On 2018年03月09日 17:35, Jesper Dangaard Brouer wrote:
On Fri, 9 Mar 2018 15:24:10 +0800
Jason Wang <jasow...@redhat.com> wrote:
On 2018年03月08日 21:07, Jesper Dangaard Brouer wrote:
Introduce an xdp_return_frame API, and convert over cpumap as
the first user, given it have queued XDP frame structure to leverage.
Signed-off-by: Jesper Dangaard Brouer <bro...@redhat.com>
---
include/net/xdp.h | 32 +++++++++++++++++++++++++++
kernel/bpf/cpumap.c | 60
+++++++++++++++++++++++++++++++--------------------
net/core/xdp.c | 18 +++++++++++++++
3 files changed, 86 insertions(+), 24 deletions(-)
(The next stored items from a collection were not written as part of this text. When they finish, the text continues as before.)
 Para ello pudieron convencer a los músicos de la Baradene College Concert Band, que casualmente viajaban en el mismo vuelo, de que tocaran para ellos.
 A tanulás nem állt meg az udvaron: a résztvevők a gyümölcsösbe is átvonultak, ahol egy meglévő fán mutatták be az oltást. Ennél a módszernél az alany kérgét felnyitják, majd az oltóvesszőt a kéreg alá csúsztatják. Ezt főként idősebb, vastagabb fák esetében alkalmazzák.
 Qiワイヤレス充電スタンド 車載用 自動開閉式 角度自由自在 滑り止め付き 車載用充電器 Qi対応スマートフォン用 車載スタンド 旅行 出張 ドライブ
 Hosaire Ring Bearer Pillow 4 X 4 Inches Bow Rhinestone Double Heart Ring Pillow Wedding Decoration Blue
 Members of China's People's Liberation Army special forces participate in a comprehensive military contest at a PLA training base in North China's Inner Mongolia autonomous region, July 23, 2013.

diff --git a/include/net/xdp.h b/include/net/xdp.h
index b2362ddfa694..3cb726a6dc5b 100644
--- a/include/net/xdp.h
+++ b/include/net/xdp.h
@@ -33,16 +33,48 @@
* also mandatory during RX-ring setup.
*/
+enum mem_type {
+ MEM_TYPE_PAGE_SHARED = 0, /* Split-page refcnt based model */
+ MEM_TYPE_PAGE_ORDER0, /* Orig XDP full page model */
+ // Possible new ideas for types:
+ // MEM_TYPE_PAGE_POOL, /* Will be added later */
+ // MEM_TYPE_AF_XDP,
+ // MEM_TYPE_DEVICE_OWNED -- invoking an dev->ndo?
+ MEM_TYPE_MAX,
+};
So if we plan to support dev->ndo, it looks to me two types AF_XDP and
DEVICE_OWNED are sufficient? Driver can do what it wants (e.g page pool
or ordinary page allocator) in ndo or what ever other callbacks.
So, the design is open to go both ways, we can figure out later.
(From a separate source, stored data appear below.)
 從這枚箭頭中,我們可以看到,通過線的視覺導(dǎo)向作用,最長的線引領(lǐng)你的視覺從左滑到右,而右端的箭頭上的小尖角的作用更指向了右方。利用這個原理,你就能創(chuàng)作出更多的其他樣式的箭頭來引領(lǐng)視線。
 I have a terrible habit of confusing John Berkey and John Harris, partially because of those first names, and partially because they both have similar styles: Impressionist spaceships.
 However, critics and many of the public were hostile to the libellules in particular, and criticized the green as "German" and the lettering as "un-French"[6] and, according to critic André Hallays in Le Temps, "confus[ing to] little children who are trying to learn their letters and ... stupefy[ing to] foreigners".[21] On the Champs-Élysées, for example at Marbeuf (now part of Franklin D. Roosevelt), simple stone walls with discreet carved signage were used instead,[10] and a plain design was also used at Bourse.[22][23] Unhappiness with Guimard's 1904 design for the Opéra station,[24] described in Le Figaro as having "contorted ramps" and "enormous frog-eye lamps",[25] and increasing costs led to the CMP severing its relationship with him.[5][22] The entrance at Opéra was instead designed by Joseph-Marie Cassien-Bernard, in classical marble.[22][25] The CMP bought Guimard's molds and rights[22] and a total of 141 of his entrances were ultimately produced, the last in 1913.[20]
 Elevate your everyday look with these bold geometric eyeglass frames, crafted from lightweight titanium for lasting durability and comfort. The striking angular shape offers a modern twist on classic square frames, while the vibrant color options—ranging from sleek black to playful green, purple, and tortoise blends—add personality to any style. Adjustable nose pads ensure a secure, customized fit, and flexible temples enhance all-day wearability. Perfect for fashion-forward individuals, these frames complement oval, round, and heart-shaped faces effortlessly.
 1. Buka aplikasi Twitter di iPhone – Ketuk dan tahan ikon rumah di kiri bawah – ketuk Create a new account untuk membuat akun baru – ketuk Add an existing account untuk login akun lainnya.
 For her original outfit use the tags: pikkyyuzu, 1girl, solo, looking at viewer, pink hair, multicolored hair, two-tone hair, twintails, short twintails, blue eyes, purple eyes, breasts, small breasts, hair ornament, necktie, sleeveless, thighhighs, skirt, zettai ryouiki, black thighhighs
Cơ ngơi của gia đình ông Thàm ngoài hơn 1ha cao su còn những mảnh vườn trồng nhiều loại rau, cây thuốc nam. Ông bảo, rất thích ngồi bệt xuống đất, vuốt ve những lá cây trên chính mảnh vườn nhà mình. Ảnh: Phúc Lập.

The reason I'm not calling page_pool from a driver level dev->ndo, is
that I'm trying to avoid invoking code in a module, as the driver
module code can be (in the process of being) unloaded from the kernel,
while another driver is calling xdp_return_frame. The current design
in patch 10, uses the RCU period to guarantee that the allocator
pointer is valid as long as the ID lookup succeeded.
To do what you propose, we also need to guarantee that the net_device
cannot disappear so it is safe to invoke dev->ndo. To do so, the
driver likely have to add a rcu_barrier before unloading. I'm also
thinking that for MEM_TYPE_DEVICE_OWNED the allocator pointer ("under
protection") could be the net_device pointer, and we could take a
refcnt on dev (dev_hold/dev_put).
Then it looks like a device (e.g tun) can lock another device for
indefinite time.
Thus, I think it is doable, but lets
figure this out later.
Another important design consideration, is that the xdp core need to
know how to release memory in case the ID lookup failed.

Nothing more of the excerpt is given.